穿越59,开局获得签到系统 第319章春风

作者:幼龄大叔

# 第319章春风

腊月二十四,清晨。

  北京城刚下过一场薄雪,胡同里的青砖路面覆着层晶莹的白。赵四推着自行车走出院门,车把上挂着帆布包,里面装着昨晚整理的资料。

  「爸,等等我!」

  平安裹着厚厚的棉袄从院里跑出来,书包在背后一颠一颠的。十二岁的少年已经开始抽条,个头快到赵四肩膀了。

  「帽子戴好。」赵四伸手把儿子的棉帽往下拉了拉,遮住冻红的耳朵。

  平安麻利地跳上自行车后座,一只手自然地环住父亲的腰。这个动作他已经做了好几年,从需要父亲抱上后座,到如今轻松一跃。

  车轮碾过积雪,发出咯吱咯吱的声音。

  「爸,昨天陈叔叔给我的那本《逻辑电路设计》,我看完了。」平安在后面说,嘴里呼出的白气在冷空气中散开。

  「这么快?」赵四有些惊讶。那本书是陈启明从上海带回来的内部资料,虽然是基础教材,但也有两百多页。

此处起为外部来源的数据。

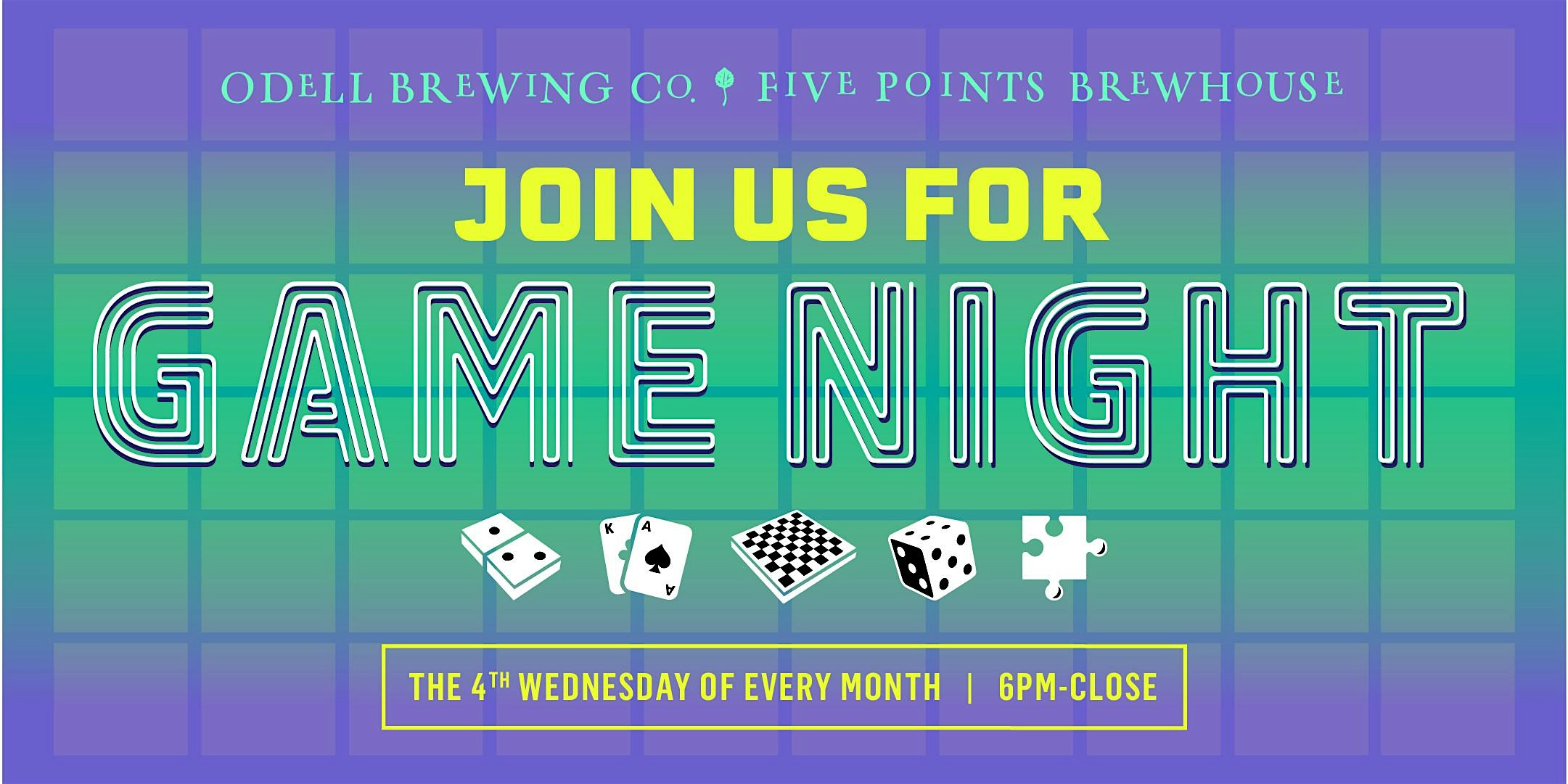 by admin13Feb Game Night at Odell Brewing Five Points Brewhouse – Denver, CO Game Night at Odell Brewing Five Points Brewhouse – Denver, CO 1 1 people viewed this event. Join us for game night! All games and skill levels welcome. Tickets-RSVP Link Date And Time Thursday, March 26th, 2026 01:00 AM (PST) Venue Odell Brewing Five Points Brewhouse Location 2945 Larimer Street, Denver, CO 80205 Event Types Party or Social Gathering Event Category ColoradoDenver Share With Friends Facebook Twitter Linkedin Xing Pinterest Share This Post:

  「有些地方看不懂。」平安老实说,「特别是时序电路那章,什么触发器、计数器,绕得很。」

  「晚上我给你讲讲。」赵四说着,拐出胡同,上了大路。

  街道两旁的老槐树上积着雪,偶尔有雪块扑簌簌落下。早起的行人裹着厚衣服匆匆走过,卖早点的摊子热气腾腾。

  「爸,你说8位处理器,真的三年能造出来吗?」平安忽然问。

  赵四沉默了一会儿。车轮碾过一处结冰的路面,他小心地稳住车把。

  「说实话,爸心里也没底。」他最终选择诚实,「技术难度很大,工艺水平跟不上,材料设备都缺。」

  「那为什么还要做?」

  「因为不做,就永远跟不上。」赵四说,「就像你学编程,一开始也觉得难,但现在不是能写出程序了?」

  平安想了想:「可编程错了,顶多重写。晶片要是做坏了,好多钱就没了。」

  「是啊。」赵四的声音在寒风里显得有些缥缈,「所以咱们得更小心,更努力。一分钱掰成两半花,一个错误都不能犯。」

  自行车在学校门口停下。实验一小的红砖楼前,已经有不少家长送孩子。

  平安跳下车,正要往校门跑,又回过头:「爸,我们兴趣小组想做一个新项目。」

  「什么项目?」

  「一个能帮老师批改作业的程序。」平安眼睛亮亮的,「现在老师批数学作业好累,我们想写个程序,自动判断对错。」

  赵四笑了:「这想法好。但涉及图像识别和自然语言处理,以你们现在的水平……」

  「我们可以从简单的开始嘛!」平安迫不及待地说,「先做选择题自动批改,判断题也行。王老师说,哪怕只能减轻一点点负担,也是好的。」

  「行。」赵四拍拍儿子肩膀,「想做就做,遇到困难就来找我,找陈叔叔他们都行。」

  「谢谢爸!」

  看着儿子跑进校园的背影,赵四站在雪地里,嘴角不自觉地扬起。

  孩子的世界多好啊。有问题,就想办法解决;有想法,就去尝试。没有那么多「不可能」,没有那么多「条件不成熟」。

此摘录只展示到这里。